> _Provided records_:
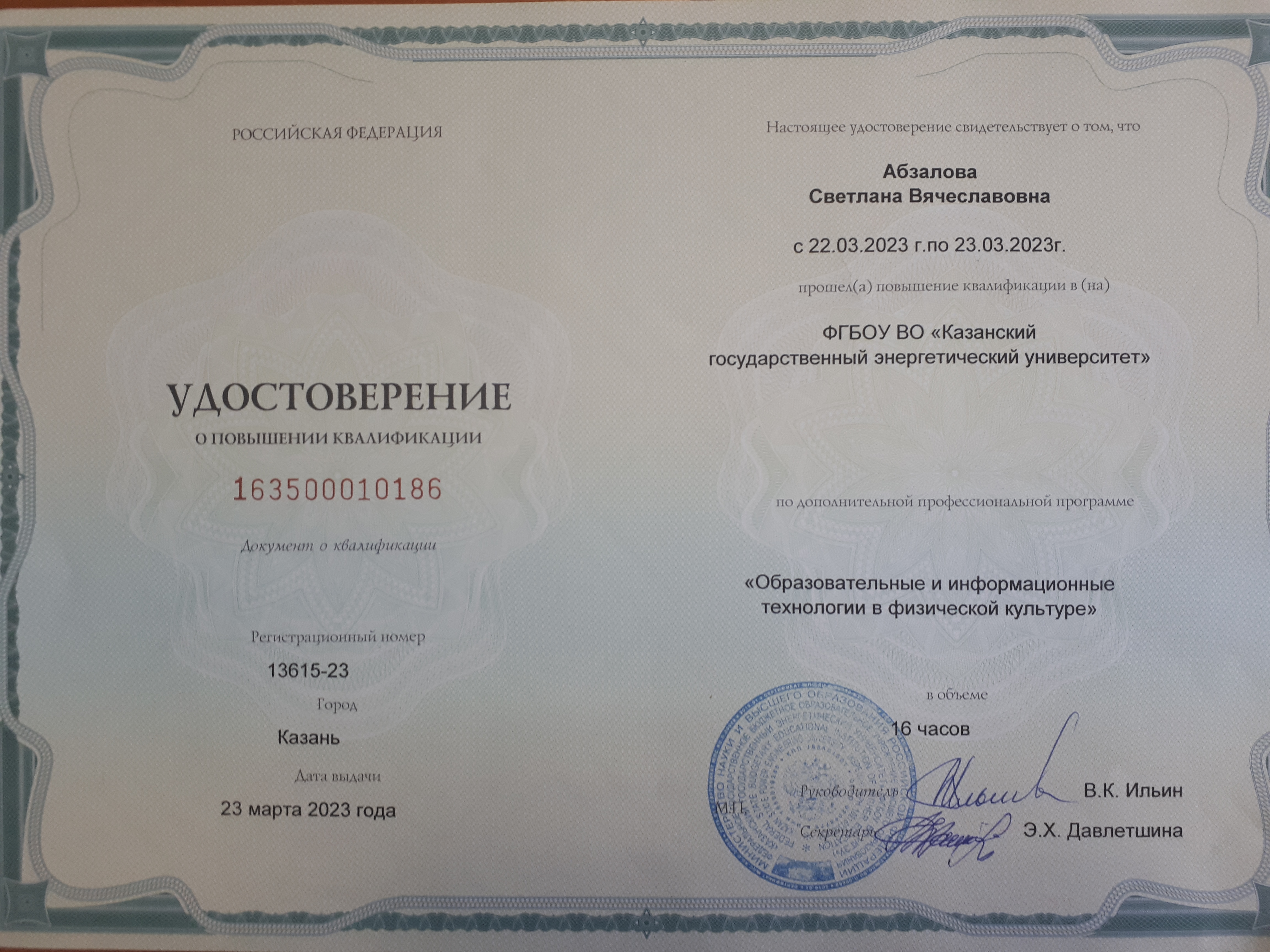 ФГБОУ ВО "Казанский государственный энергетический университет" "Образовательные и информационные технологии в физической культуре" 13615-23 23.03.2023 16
* * *
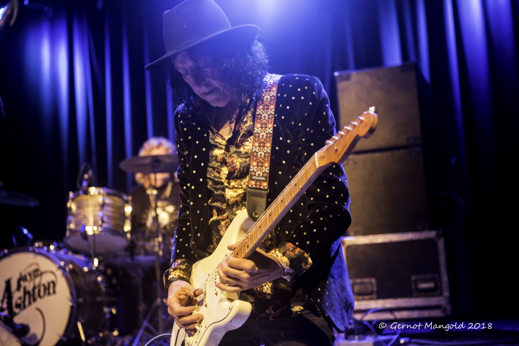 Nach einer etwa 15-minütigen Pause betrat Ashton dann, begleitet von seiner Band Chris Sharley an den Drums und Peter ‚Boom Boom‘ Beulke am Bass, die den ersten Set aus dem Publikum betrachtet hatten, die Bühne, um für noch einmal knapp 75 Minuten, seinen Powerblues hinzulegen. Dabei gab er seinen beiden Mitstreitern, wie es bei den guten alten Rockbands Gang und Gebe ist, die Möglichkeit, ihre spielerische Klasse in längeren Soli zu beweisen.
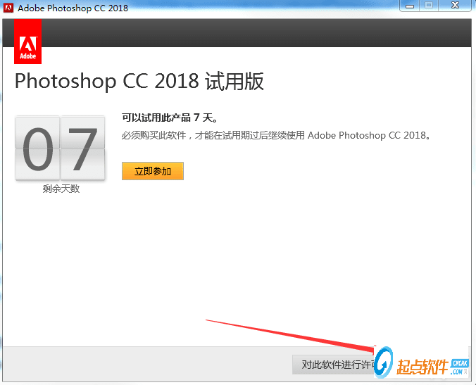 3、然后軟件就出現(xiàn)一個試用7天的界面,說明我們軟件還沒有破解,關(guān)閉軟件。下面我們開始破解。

> _Work to complete_:
Your task is to copy only the lines above starting at the one containing "Nach einer etwa" and ending at the one containing "3、然后軟件就出現(xiàn". Copy them exactly, both ends included, and omit the pictures.

> _Task result_:
 Nach einer etwa 15-minütigen Pause betrat Ashton dann, begleitet von seiner Band Chris Sharley an den Drums und Peter ‚Boom Boom‘ Beulke am Bass, die den ersten Set aus dem Publikum betrachtet hatten, die Bühne, um für noch einmal knapp 75 Minuten, seinen Powerblues hinzulegen. Dabei gab er seinen beiden Mitstreitern, wie es bei den guten alten Rockbands Gang und Gebe ist, die Möglichkeit, ihre spielerische Klasse in längeren Soli zu beweisen.
 3、然后軟件就出現(xiàn)一個試用7天的界面,說明我們軟件還沒有破解,關(guān)閉軟件。下面我們開始破解。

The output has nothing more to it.